É uma pantera com pantufas que encolhe o seu campo e estica o do rival. Simplifica, lá está, o que parece uma atrocidade enigmática. Abre ângulos como poucos, chega quase sempre onde tem de chegar, toca na bola com a sabedoria de um samurai ou com a secura de um martelo quase embrutecido. Jannik Sinner, um concorrente que visava alcançar a segunda final em Wimbledon para um italiano (Matteo Berrettini 2021), sentiu tudo isso na pele. E o tal favoritismo que Djoko assumiu na véspera, rindo-se serenamente como um campeão, transformou-se num dogma logo nos primeiros dois jogos de serviço. Sinner teve hipóteses de quebrar o jogo de Novak e falhou. A seguir, numa situação invertida, Djokovic não vacilou e assim se começou a escrever esta história.

O primeiro set, apesar de algumas boas réplicas e belíssimas pancadas do tenista italiano, foi um exercício de manipulação. Novak Djokovic (n.º 2 do ATP) metia Sinner (8.º) onde queria, usava a raquete como se fosse uma guitarra. Dava-lhe música. E o rival, aqui e ali com problemas com o slice alheio, dançava como um limpa pára-brisas. E ia caindo nos truques do profissional das armadilhas. O ténis foi falando, o marcador acatou o que lhe diziam e exibiu um pouco surpreendente 6-3 para o sérvio.

Julian Finney

A seguir, logo no segundo jogo de serviço de Sinner, Djokovic voltou a marcar a diferença conseguindo um break. As madeiradas do italiano sugeriam alguma impotência ou atrasos. Para Toni Nadal, tio e antigo treinador de Rafa, Sinner era “o jogador mais perigoso” que os favoritos a ganhar o torneio, Djokovic e Carlos Alcaraz, podiam enfrentar. “Tem provavelmente a velocidade de cruzeiro mais alta do circuito”, escreveu o espanhol, o que transforma em algo grandioso o que testemunhámos Novak Djokovic fazer esta tarde, em Londres. “[Tem] muitos bons golpes, tanto de direita como de esquerda, e um serviço potente”, referiu ainda, alertando que a falta de variabilidade no jogo do italiano poder ser um problema.

E sentenciou uma versão que se revelaria também esta tarde: uma “fiabilidade baixa nos momentos chave”. As bolas que almejavam beijar as linhas preferiam os beijos de Novak, que às vezes parece nem forçar muito, preferindo aguentar a bola jogável até que os outros se precipitem ou falhem dolorosamente. O sérvio oferece pouco aos outros. É um leão da competitividade. Mentalidade de aço. Por isso, aquele tal break foi o suficiente para fechar o segundo set com um 6-4.

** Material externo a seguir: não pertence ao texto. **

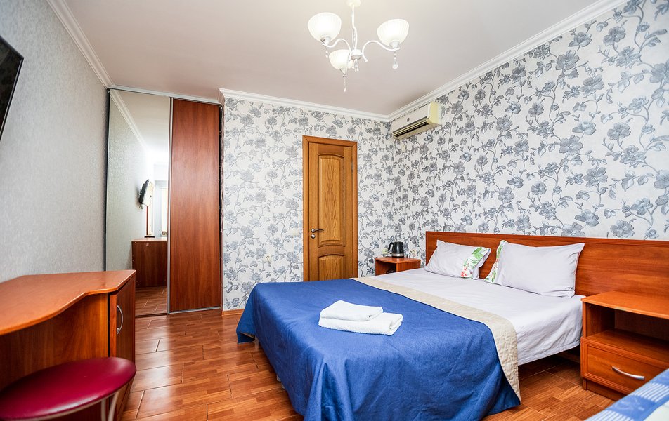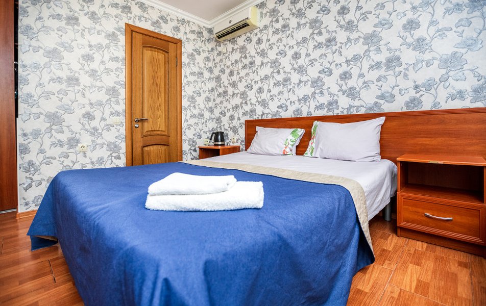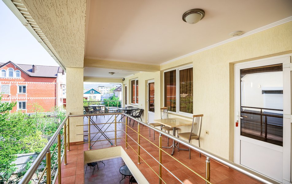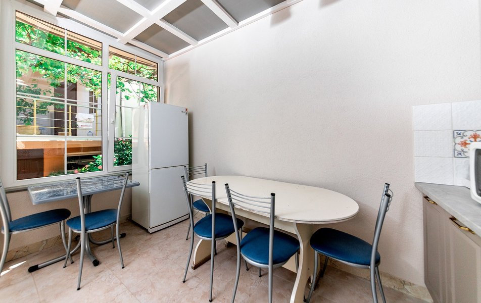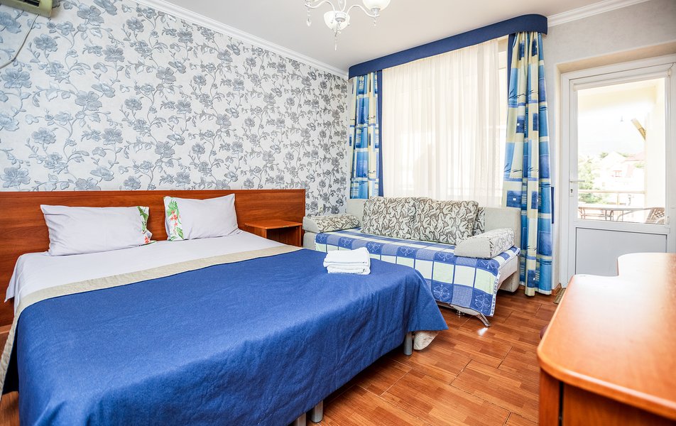 Комфорт 2-местный Площадь (кв. м) 20 Балкон с мебелью. Мебель: вешалка, диван, зеркало, кровати односпальные /одна двуспальная кровать, прикроватные тумбочки, стол, стул, шкаф. Оборудование: кондиционер, набор посуды, телевизор, холодильник, электрочайник. Санузел с душем, туалетные принадлежности, фен. Дом 4-местный 2-комнатный Тип номера Дом/домик Кол-во основных мест 4 Площадь (кв. м) 45 Мебель: вешалка, диван раскладной, зеркало, комод, кровать двуспальная, кухонная мебель, прикроватные тумбочки, столик журнальный , стол обеденный, стулья, тумба, шкаф. Мини-кухня. Оборудование: гладильная доска, утюг, кондиционер, микроволновая печь, набор посуды, плита газовая, стиральная машина, сушилка для белья, телевизор, холодильник, чайный набор посуды, электрочайник. Санузел с душем, туалетные принадлежности, фен. Дом 5-местный 2-комнатный Количество комнат 2-комнатный. Тип номера Дом/домик. Дополнительное место диван. Вид из номера на двор. Кол-во доп. мест 1. Кол-во основных мест 4. Площадь (кв. м) 50. Кухня. Мебель: вешалка, диван раскладной, зеркало, комод, кровать двуспальная: 2 , кухонная мебель, прикроватные тумбочки, столик журнальный, стол обеденный, стулья, шкаф. Оборудование: гладильная доска, утюг, кондиционер, микроволновая печь, набор посуды, плита электрическая, стиральная машина, сушилка для белья, телевизор, холодильник, чайный набор посуды, электрочайник. Санузел с душем, туалетные принадлежности, фен. Дом 6-местный 3-комнатный Тип номера Дом/домик. Кол-во основных мест 6. Площадь (кв. м) 50. Кухня. Мебель: вешалка, диван раскладной, зеркало, комод, кровать двуспальная: 2, кухонная мебель, прикроватные тумбочки, столик журнальный, стол обеденный, стулья, шкаф. Оборудование: гладильная доска, утюг, кондиционер, микроволновая печь, набор посуды, плита газовая, стиральная машина, сушилка для белья, телевизор, холодильник, чайный набор посуды, электрочайник. Санузел с душем, туалетные принадлежности, фен. Дом 7-местный 3-комнатный Дом с отдельным входом и своим двором для отдыха. Тип номера Дом/домик Кол-во основных мест 7. Площадь (кв. м) 60, Мебель: вешалка, диван раскладной, зеркало, кресло-кровать, кровать двуспальная: 2, кухонная мебель, прикроватные тумбочки, стол, столик журнальный, стол обеденный, стулья, шкаф. Мини-кухня. Оборудование: кондиционер, микроволновая печь, набор посуды, плита газовая, сушилка для белья, гладильная доска, утюг, холодильник, чайный набор посуды, электрочайник. Санузел с душем, туалетные принадлежности , фен . Сервис Wi-Fi бесплатно, смена полотенец, смена постельного белья, уборка номера. Питание:

O nível de Sinner melhorou substancialmente no terceiro set. Viram-se bolas mais longas, algumas coragens renovadas. Finalmente, Djokovic revelou alguns problemas. Na entrevista pós-partida, depois da 34.ª vitória consecutiva em Wimbledon, o sérvio admitiu isso mesmo, que Sinner o pressionou bastante e que só alguns erros do italiano lhe permitiram ir para tiebreak, onde acabaria por fechar o encontro.

Antes, com dois match points para o italiano, alguém berrou da bancada e isso incomodou Djokovic, que parou, aplaudiu ironicamente, talvez deixando mais desconfortável o adversário. Sinner pecou e voltou a pecar. E Novak, com um 7-4 no tiebreak, confirmou a nona presença na final do torneio londrino, onde ganhou em 2011, 2014, 2015, 2018, 2019, 2021 e 2022. Demonstrou mais uma vez a fortaleza mental em que se refugia, salvando todos os pontos de break que Sinner teve contra ele (6).

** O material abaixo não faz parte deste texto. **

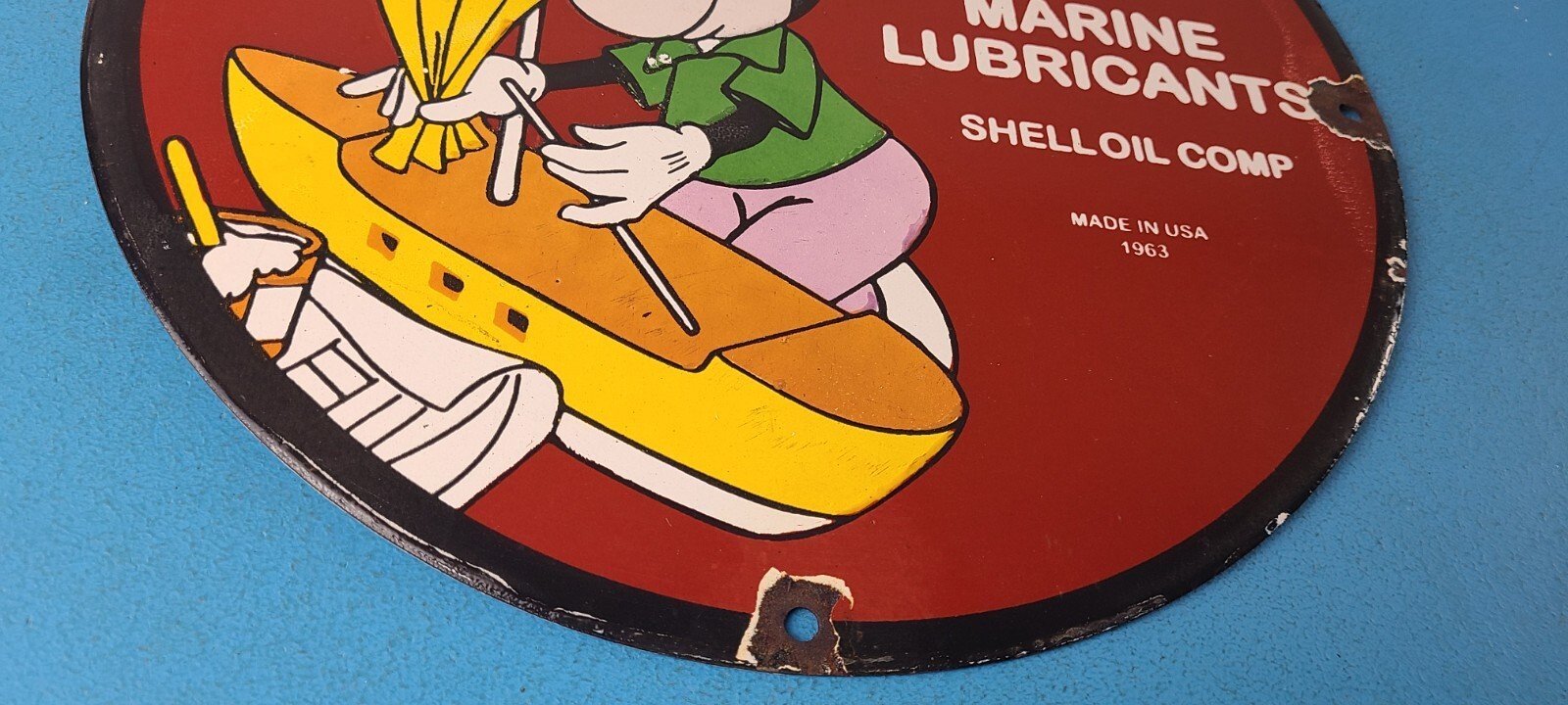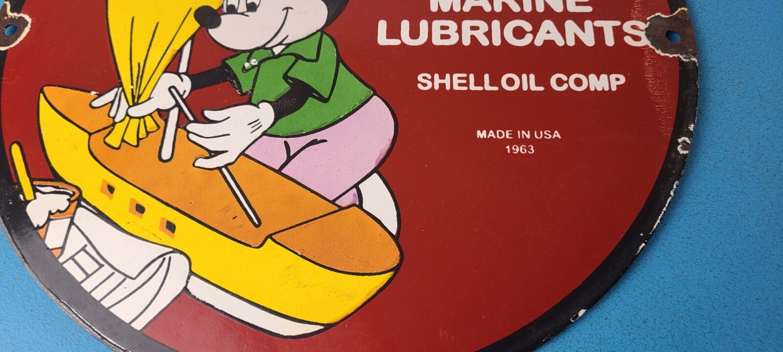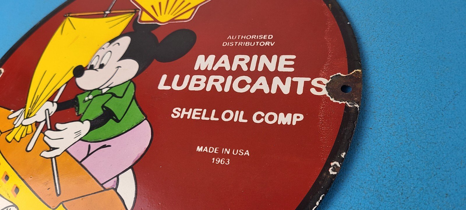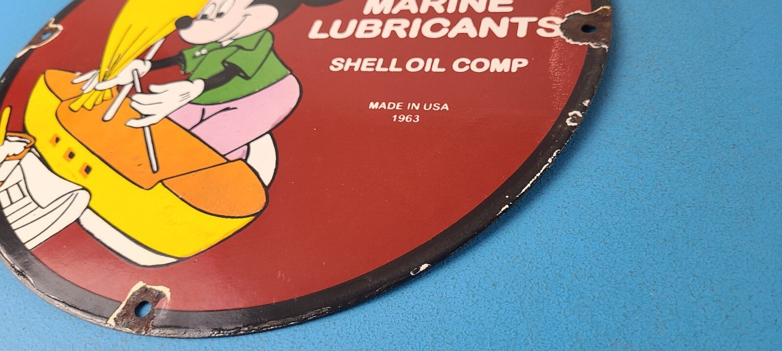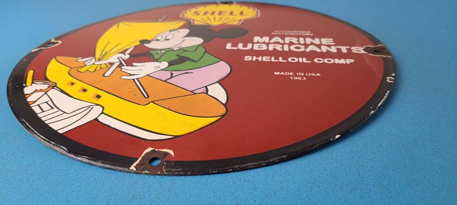 This vintage Shell Gasoline porcelain sign features the beloved character Mickey Mouse. Measuring 12 inches in size, this porcelain is in excellent condition with amazing gloss.

“O marcador não mostra a realidade do que aconteceu no court, foi muito renhido”, explicou no final o número 2 do mundo. “[O Jannik] provou que é um dos líderes da próxima geração e um dos melhores jogadores do mundo, sem dúvida”, afirmou, antes de a seguir assumir o gosto por ainda fazer parte desta nova geração, arrancando risos aos espectadores. Afinal, a idade não conta, garante. “Sinto que os 36 anos são os novos 26, sabe bem”, confessou. A data no passaporte não tem nada a dizer contra as certeiras pancadas na bola amarela. “Sinto muita motivação e muita inspiração para jogar o ténis que adoro. Tento ser honesto, retribuíndo o favor a este desporto, jogando o máximo que possa.”

Na final, que lhe pode garantir o triunfo no 24.º torneio do Grand Slam, o tenista sérvio terá pela frente Carlos Alcaraz ou Daniil Medvedev, um jogo que vai observar deitadinho na mesa de massagens. São já 35 finais de majors para o sérvio, um recorde. Citando o filósofo Popovici, nada é simples. Mesmo que, depois de tanto, pareça.